Against this background, the increasing importance in breeding for resistance is becoming distant hybridization (between plants from different botanical taxa). After all, plants of wild and primitive species are characterized by the most pronounced immunity. The genomes of wild relatives of cultivated plants have been and remain the main natural source of resistance genes, including complex immunity. Crossing cultivated plants of existing varieties with wild species usually allows you to increase the immunogenetic properties. And if earlier the use of distant hybridization was not very popular due to the difficulties associated with the imbalance of the genomes of parental forms, the linkage of resistance with economically undesirable traits, then methods have now been developed to resolve problematic issues.

Remote hybridization makes it possible to transfer ecological plasticity, resistance to adverse environmental factors, diseases and other valuable properties and qualities from wild-growing plants to cultivated ones. Varieties and new forms of grain, vegetable, industrial and other crops have been created on the basis of distant hybridization. For example, the source of wheat immunity genes to, and is endemic to the Transcaucasus Triticum dicoccoides Korn.

As world practice shows, a very effective type of hybridization in the selection of self-pollinating crops for resistance is backcrosses (backcrosses) when a hybrid is crossed with one of the parent forms. This method is also called the method of "repair" of varieties, since it allows you to improve a certain variety for a particular trait that it lacks (in particular, resistance to a particular disease). But it should be borne in mind that the use of this method does not allow exceeding the productivity of a variety that is “repaired” (and according to the requirements of the State Service for the Protection of Rights to Plant Varieties of Ukraine, a variety cannot be registered if it does not exceed the standard in terms of productivity).

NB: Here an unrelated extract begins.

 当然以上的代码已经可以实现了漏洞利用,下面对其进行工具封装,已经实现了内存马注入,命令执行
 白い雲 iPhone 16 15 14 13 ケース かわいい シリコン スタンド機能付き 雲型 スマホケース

As a rule, in backcrossing, a disease resistance donor variety is used as the mother form, and an unstable but highly productive variety (resistance recipient) is used as the parent form. As a result of their crossing, hybrids are obtained, which are re-crossed with the parent form (backcrossing). A prerequisite is that the mother forms for each next backcross are selected from resistant hybrid plants of the previous crossing, found against an infectious background. The offspring are selected according to the phenotype of the recipient variety. Backcrosses are carried out until the genotype and phenotype of the recipient is almost completely restored, while acquiring resistance to the disease characteristic of the donor.

An increase in the efficiency of plant breeding for immunity to pests can be achieved by using previously created so-called immunity synthetics (known, for example, for corn). Mentioned synthetics are created on the basis of crossing 8-10 immune lines, characterized by different ecological plasticity and composition of immunity factors. Many of the synthetics are good sources for creating immune lines for the further development of single and double interline hybrids.

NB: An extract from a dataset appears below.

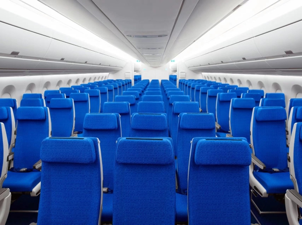 新投入的宽体机,具有大直径机身客舱,客舱内有两个过道,可利用的座位更多,座椅宽敞、空间阔绰,载客量最高达300人以上。其公务舱座椅可以平躺,为长途飞行提供更舒适的体验。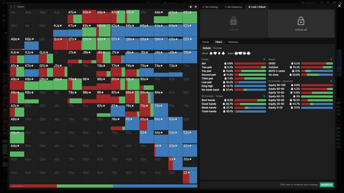 Once you’re done, select Nodelock in the bottom-right corner, and apply your strategy! GTO Wizard AI will automatically adapt to exploit the nodelocked strategy in seconds! Any unlocked hands within the nodelock will adapt to minimize EV losses, while locked hands are forced to play as you’ve defined.

Mutagenesis. Unlike hybridization methods, they are quite laborious and require many years of work to achieve the final result, experimental (artificial) mutagenesis makes it possible to increase plant variability in a short period and obtain resistance mutations that are not found in nature.

The method of experimental (artificial) mutagenesis is based on the directed action on plants of various physical and chemical mutagens (ionizing, ultraviolet, laser radiation, chemicals), as a result of which gene mutations occur in plant organisms (changes in the molecular structure of the gene), chromosomal mutations (changes in structures of chromosomes) or genomic (changes in sets of chromosomes).

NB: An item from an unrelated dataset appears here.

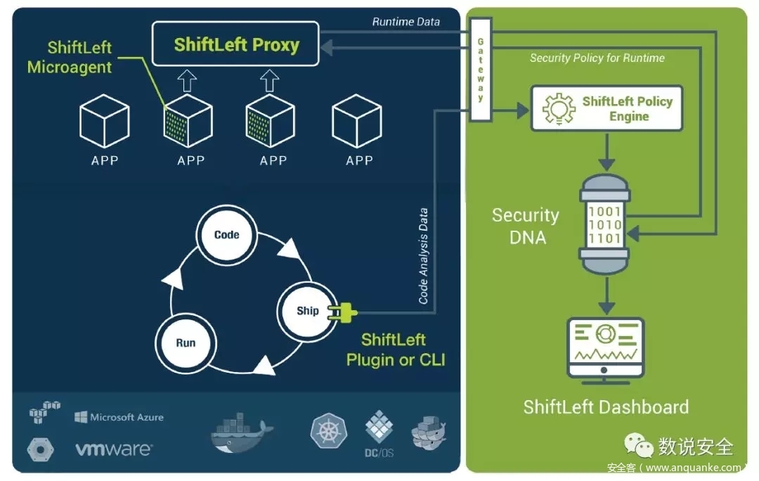 ShiftLeft认为从应用生命周期的视角来看,开发过程与生产环境是割裂的。当前防御方法是在生产环境中部署如应用防火墙类的产品,这种方法是有局限性的。其方案针对应用的生命周期不同阶段提供了完整的安全防护。在开发过程中提供了一个CI插件,在新版本发布时对软件进行代码分析并构建安全DNA,在生产环境中通过微代理保护应用,当运行时发现代码级漏洞时会优先报告,从而形成从开发到生产过程的闭环来实现应用全生命周期的安全防护。值得注意的是他们的独特性在于他们将源代码转换为图形展示,这能够快速准确找出代码中的所有关系。在2015年他们的首席科学家发表了一片论文阐述使用这种方法发现了18个linux内核的0 day漏洞,并且被确认并修复了。另一个关键词是安全DNA,这个我也没太理解,哪位专家了解还请不吝赐教。ShiftLeft专注于应用层安全,其方案具备良好的适用性,可以支持微服务、主流操作系统、虚拟机、容器和云环境中。

The most valuable gene mutations in terms of breeding, which, unlike chromosomal ones, do not lead to sterility of pollen, infertility or inconsistency of mutant lines. Resistance gene mutations are most often associated with either a base change in a certain region of the chromosome DNA, or its loss, addition, or displacement. As a result, there is a change in the genetic code and, accordingly, a change in the physiological and biochemical mechanisms of the cell, which leads to inhibition of the growth, development and reproduction of the pathogen.

The method of artificial mutagenesis in breeding for disease resistance is used in many countries, but it cannot be considered the main method for obtaining resistant forms of plants. This method is most effectively used when working on resistance with crops that propagate vegetatively, since their propagation by seeds entails complex segregation in the offspring due to the high degree of heterozygosity.

It is, apparently, the further improvement of existing crops grown on already developed lands. Hybrids are something that can play a key role in food security. After all, most of the areas suitable for agriculture are already occupied. At the same time, increasing the amount of water, fertilizers and other chemicals used on them is not economically feasible in many places. That is why the improvement of existing crops is of exceptional importance. And hybrids are plants obtained just as a result of such an improvement.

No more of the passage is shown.